Mevcut oyun 9 bin artması, demek ki yenilgiyi galibiyet gibi hissettirebiliyor.
Seçim sonrasında...
-"Bu oy bize hiç yakışmadı" demek yok.
-"Eskişehir'de Erdoğan birinci çıkmalıydı" demek de yok.
-"Türkiye ortalamasının çok altında kaldık.Bu ayıp bizim" demek de.
Hadi bunları geçtik...
-"Başarısızız" demek bir yana...
-"Buruk bir sevinç yaşıyoruz. Türkiye geneli oyları ile mutlu oluyoruz" demek bile yok.
AK Partide kimse kimseyi kandırmamalı.
Dahası...
AK Partide artık her kaybedilen seçim sonrasında "Ama oylarımız arttı" diyerek yalancı sevinç yaşanıp, başarısızlığın üzeri örtülmeye çalışılmamalı.
Hatırlarsanız...
AK Partinin Eskişehir'deki seçilmiş ve atanmışları her kaybedilen mahalli seçim sonrası "Ne yapalım. Büyükerşen faktörü vardı" diyordu.
Büyükerşen'in bizzat aday olarak içinde olmadığı bir seçimdi Cumhurbaşkanlığı seçimi.
Ve AK Parti Eskişehir'de bu seçimi resmen kaybetti.
O yüzden, AK partinin Eskişehir'de acilen yapması gereken ilk iş, önce bu işin kabullenilmesi, ardından da bu gerçeğin nasıl değişebileceğinin biran önce ve ileriye dönük planlanmasıdır.
Bunun da yolu, her seçimde yüzde 1 artan oy oranına sevinip "Başarılıyız" demekten ve işin içinden sıyrılmaya kalkmaktan kesinlikle geçmiyor.
Bunun yolu...
Oturup, "Biz başarısızız arkadaş. Üstelik her başarısız olduğumuz seçimde hep aynı hataları yapıyoruz. Bu hataları tekrarlamayacak bir strateji ve yöntem geliştirmeliyiz. Aksi takdirde, suçu üzerimizden attığımız "Oyumuzu arttırdık" bahanesi artık işe yaramıyor. Her seçimde artan oy oranımız da, bizim 20-30 yıl seçim kazanmamıza yetmiyor. Acilen, Eskişehir'in hassasiyetlerini de göz önüne alarak, ezberleri bozacak bir AK Parti yönetim anlayışını sergileyecek çalışmalar içinde olmamız lazım" denilmesinden ve bu çerçevede kolların sıvanmasından geçiyor.
Buna emin olun...
.....

Anadolu'da siyaset...
Siyaseten, Ankara'dan bakıldığında Eskişehir Mahalle gibi görünür
Elbette Eskişehir bir Mahalle değil ama...

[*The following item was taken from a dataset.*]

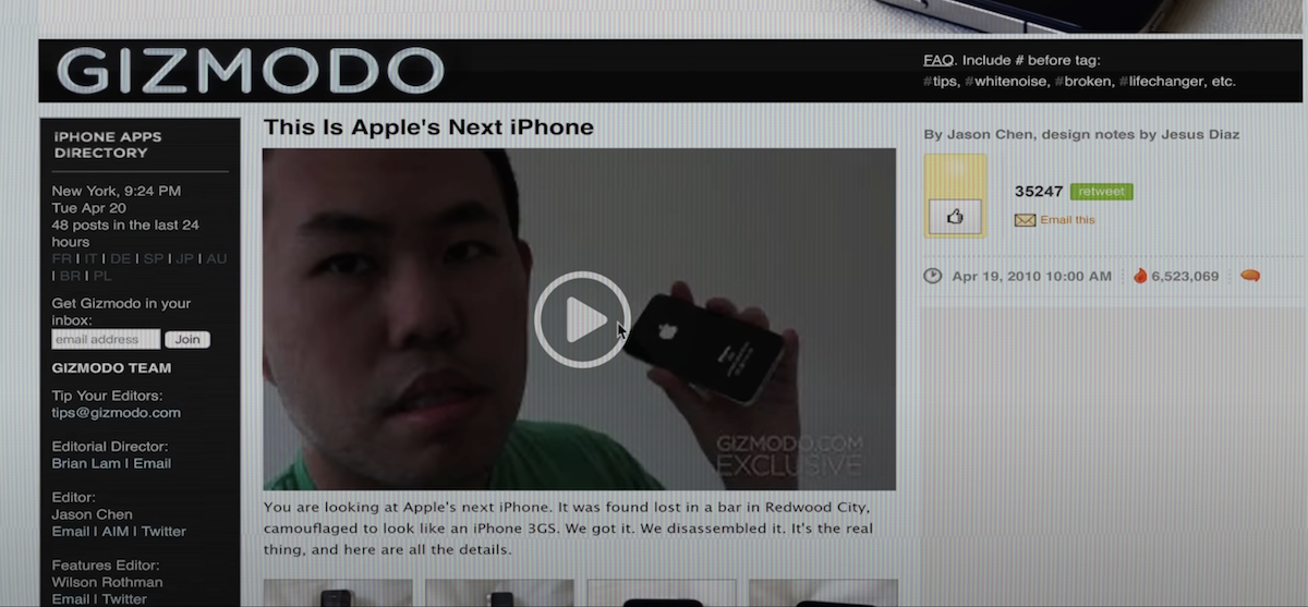 Das Tech-Blog Gizmodo erwarb den Prototypen für 5.000 US-Dollar. Die Redaktion zerlegte das Gerät und veröffentlichte Fotos sowie eine detaillierte Analyse. Sie deckte dabei Designänderungen auf, darunter ein flacheres Gehäuse, eine Frontkamera (damals neu für iPhones) und einen verbesserten Bildschirm. Das iPhone 4 war wirklich eine Revolution und ein Schritt nach vorne in der mobilen Kommunikation.

Ankara'dan bakanlar Eskişehir ve Eskişehir gibi kentleri mahalle görmeye alışmış.
Eskişehir gibi 10 tane şehir kazanmaktansa, İstanbul'u kazanmayı tercih ederler.
Düşünceleri her zaman "Ankara-İstanbul-İzmir'i alalım, gerisi olmasa da olur" dan ibaret.
O nedenle...
Zaman zaman, siyasetçilerin Eskişehir'i çok önemsediklerini zannettiğimiz olur ve yanılırız.
Aslında...
Hemen hepsi... Önceliği hep üç büyük ile veriyor...

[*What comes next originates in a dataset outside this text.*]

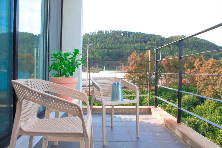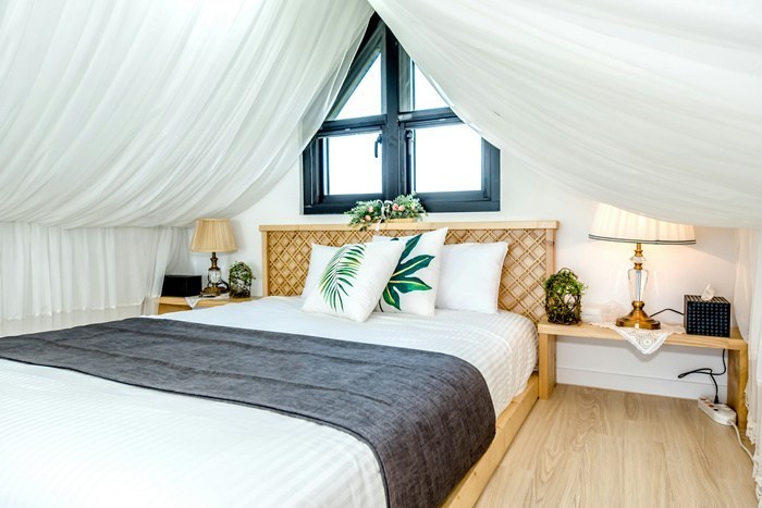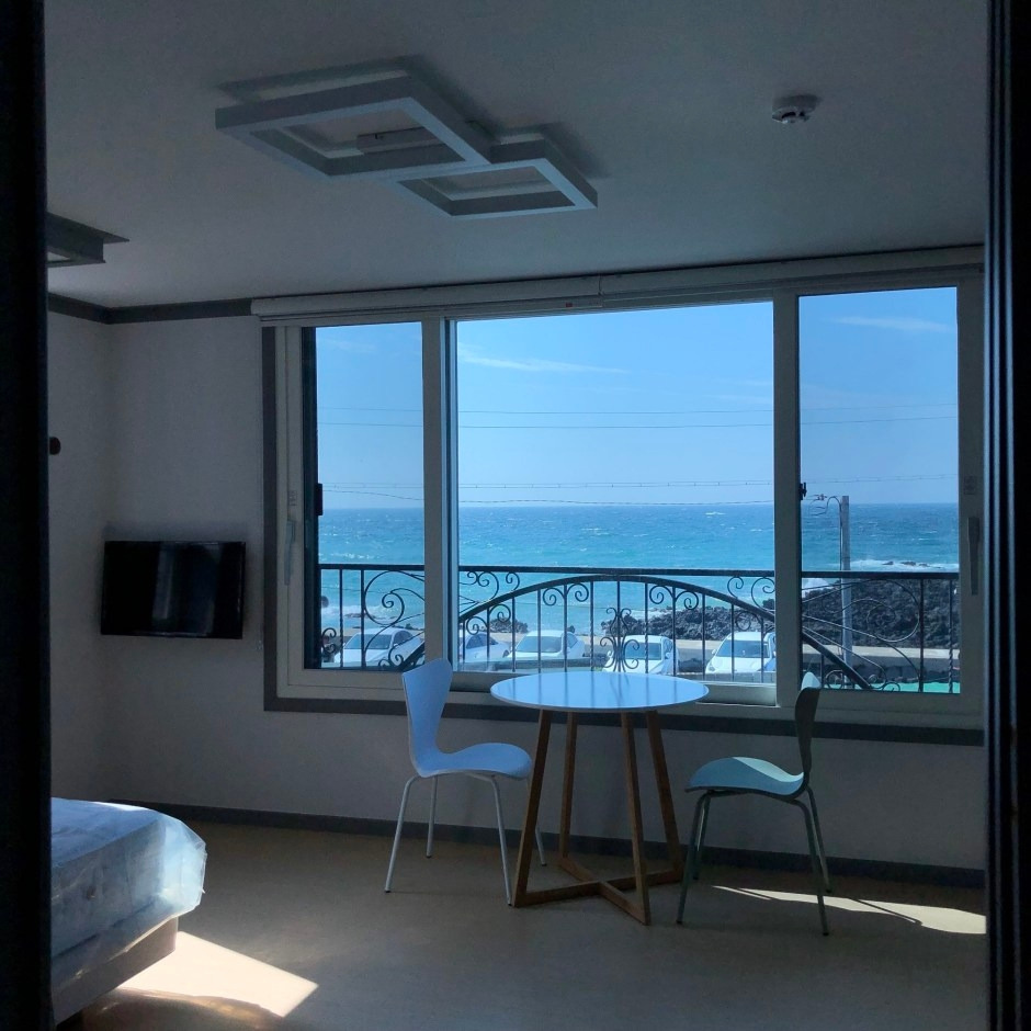 객실 내에는 조리도구가 완비되어 취사가 가능하며, 바다가 보이는 창가에서 낭만적인 시간을 보낼 수 있다. 원룸형 객실이지만 넉넉한 면적과 넓은 창으로 답답한 느낌없이 편하게 머무를 수 있다. 감성 넘치는 인테리어는 덤!

Diğerlerine ise sadece "Prestij" olarak bakarlar.
Bu elbette ki doğru bir mantık değil.
Ama ne yazık ki, Partilerin de, parti Genel başkanlarının da algısı maalesef bu yönde.

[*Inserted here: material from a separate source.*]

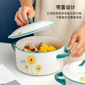 滋本家北欧双耳汤碗家用泡面碗带盖陶瓷网红餐具创意个...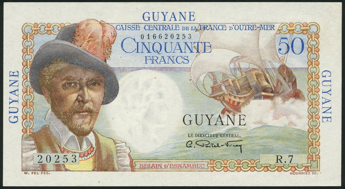 Caisse Centrale de la France d'Outre-Mer, Guyane 50 Francs, ND (1947-49), serial number 20253 R.7, brightly coloured, portrait at right and sailing ship at left, reverse woman at left, overprint GUYANE

Size geçmişte yaşanmış bir siyasi anekdot anlatalım.
Osman Yüksel Serdengeçti, siyasi çalışmalarından dolayı tutuklanınca, zamanın Ankara valisi Nevzat Tandoğan yanına çağırıp, bir hayli hiddetlenmiş ve...
-"Ulan Ö.... Anadolulu. Sizin milliyetçilikle, Komünizm ile ne işiniz var? Milliyetçilik lazımsa, biz yaparız. Komünizm gelecekse de, biz getiririz. Sizin iki tane vazifeniz var. Birincisi; Çiftçilik yapıp, ürün yetiştirmek, ikincisi de Askere çağırdığımızda gelmek" demiş...
İşte her alanda olduğu gibi, Ankara siyasetinin de Anadolu siyasetine bakışı bu.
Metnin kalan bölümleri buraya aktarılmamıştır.